When successful and famous non-European visiting artists are treated like scum by our agencies, it is another small victory for the relentless xenophobes who next will want their land cleansed of any "foreign" presence. The biggest lie told by politicians (and their campaigning anti-immigration friends) is that "tolerance" of immigrants gets better if the state is hard on new incomers and visitors. The exact opposite happens. State bigotry leads to intolerance flooding into the lives of even third-generation migrants. I do not wish to slander those Britons who are receptive, fair, internationalist and egalitarian, but am describing those who are not, and who contaminate the air, creating a fog of prejudice. Nothing diminishes their hostility because they hate not what we do necessarily, but who we are.
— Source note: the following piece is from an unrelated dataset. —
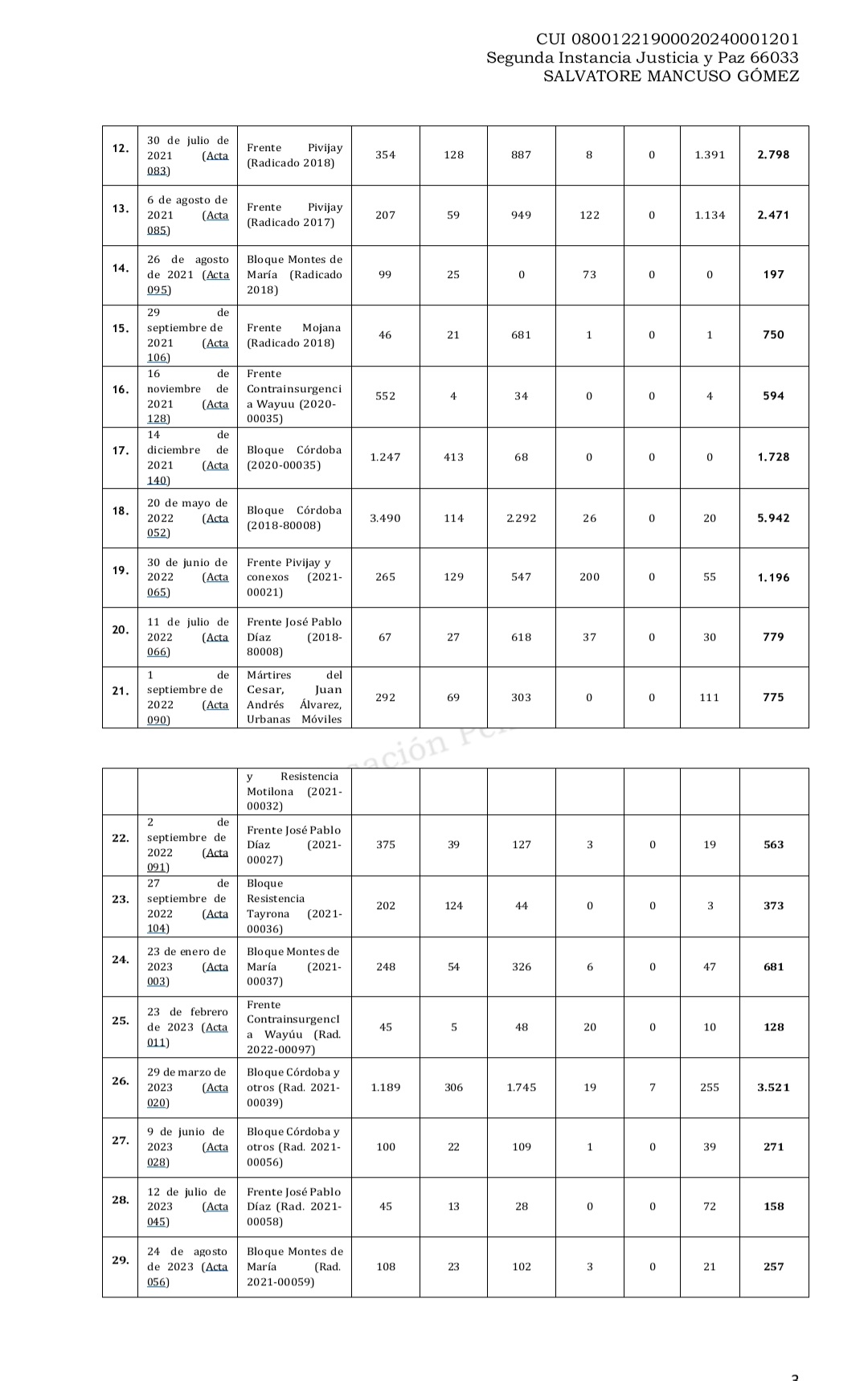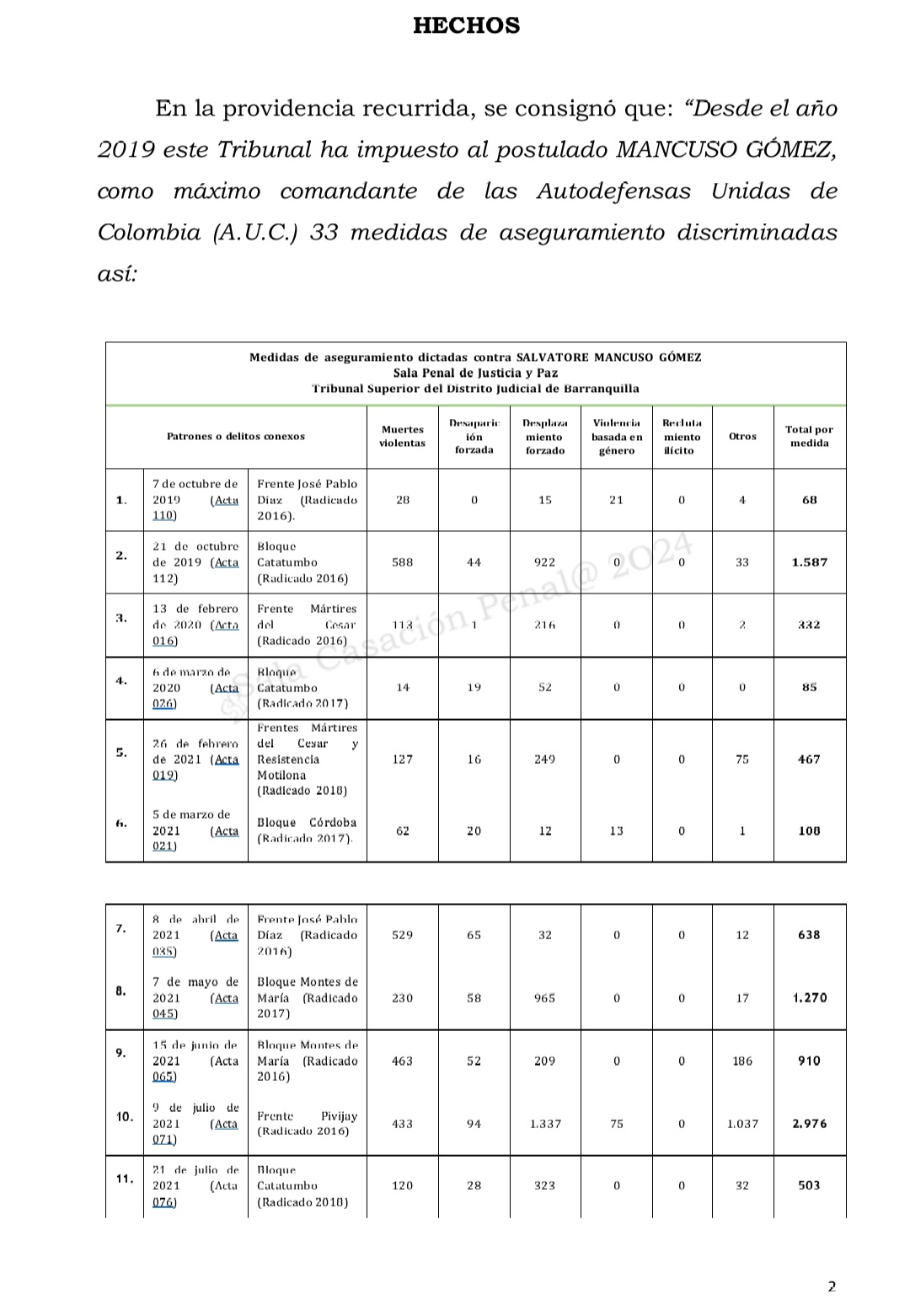 Listado de las medidas de aseguramiento de Mancuso Gomez.

So, I am on Dateline London, BBC News Channel, on Saturday morning, discussing the News International saga and say, in jest, that Murdoch is a "bloody foreigner". It was a joke, guys. That was it. A deluge followed attacking all incomers, migrants, settlers, refugees, asylum seekers, Muslims, and most rancorously and tellingly, non-Anglo Saxons who don't quietly clean lavatories at dawn and instead overreach themselves.

Yes, I'm on this list of treacherous high achievers, so too the benign Lenny Henry, "that half-caste" Leona Lewis, Shami Chakrabarti, the Russian owners of The Independent, and Sayeeda Warsi, the co-chair of the Conservative Party – she really gets to them, she does. One prominent Asian businessman said to me just last week: "I get so sick of this, so sick, who do they think they are, or we are? I feel like shouting, 'I'm an Immigrant. Get Me Out of Here!' I have over nine hundred people working for me, many English – isn't that enough? Forty years and never taken a penny from the state. At a family wedding this year, half the guests didn't get visas. My company would collapse if I was as scared as them."

But they are scared, just as they have been of the Murdoch empire. The latter may lose its grip, but not the fear of immigration, which always brings out the worst in our leaders at the best of times. And these are not the best of times.